What is expected
Each line of the data below from the one holding "レタス、トマト、蒸し鶏、ハラ" to the one holding "Что касается совместимости", inclusive, is to be reproduced exactly; no other line belongs in the answer.

Dataset
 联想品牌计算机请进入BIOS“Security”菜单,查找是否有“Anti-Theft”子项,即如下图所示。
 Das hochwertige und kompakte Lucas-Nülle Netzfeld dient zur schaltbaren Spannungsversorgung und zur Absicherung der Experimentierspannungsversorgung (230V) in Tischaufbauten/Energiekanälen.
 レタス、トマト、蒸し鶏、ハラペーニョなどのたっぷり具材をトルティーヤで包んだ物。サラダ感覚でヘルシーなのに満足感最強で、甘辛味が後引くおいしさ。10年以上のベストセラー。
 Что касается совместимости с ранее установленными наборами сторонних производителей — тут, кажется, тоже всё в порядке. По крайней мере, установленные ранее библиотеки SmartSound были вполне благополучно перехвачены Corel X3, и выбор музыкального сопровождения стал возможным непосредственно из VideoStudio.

--

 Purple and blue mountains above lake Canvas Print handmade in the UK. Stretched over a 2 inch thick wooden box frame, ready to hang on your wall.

--

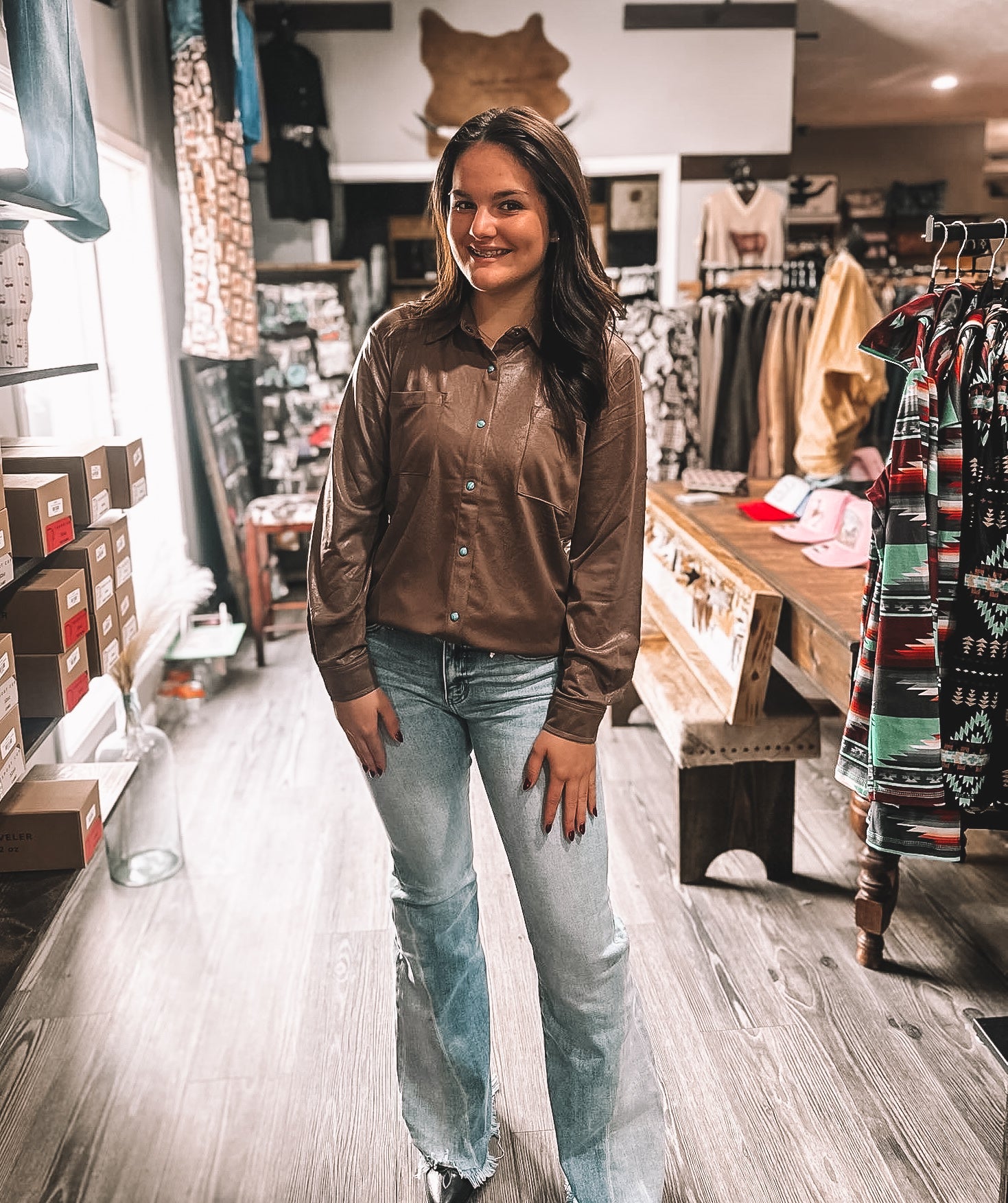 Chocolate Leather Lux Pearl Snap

Exercise output
 レタス、トマト、蒸し鶏、ハラペーニョなどのたっぷり具材をトルティーヤで包んだ物。サラダ感覚でヘルシーなのに満足感最強で、甘辛味が後引くおいしさ。10年以上のベストセラー。
 Что касается совместимости с ранее установленными наборами сторонних производителей — тут, кажется, тоже всё в порядке. По крайней мере, установленные ранее библиотеки SmartSound были вполне благополучно перехвачены Corel X3, и выбор музыкального сопровождения стал возможным непосредственно из VideoStudio.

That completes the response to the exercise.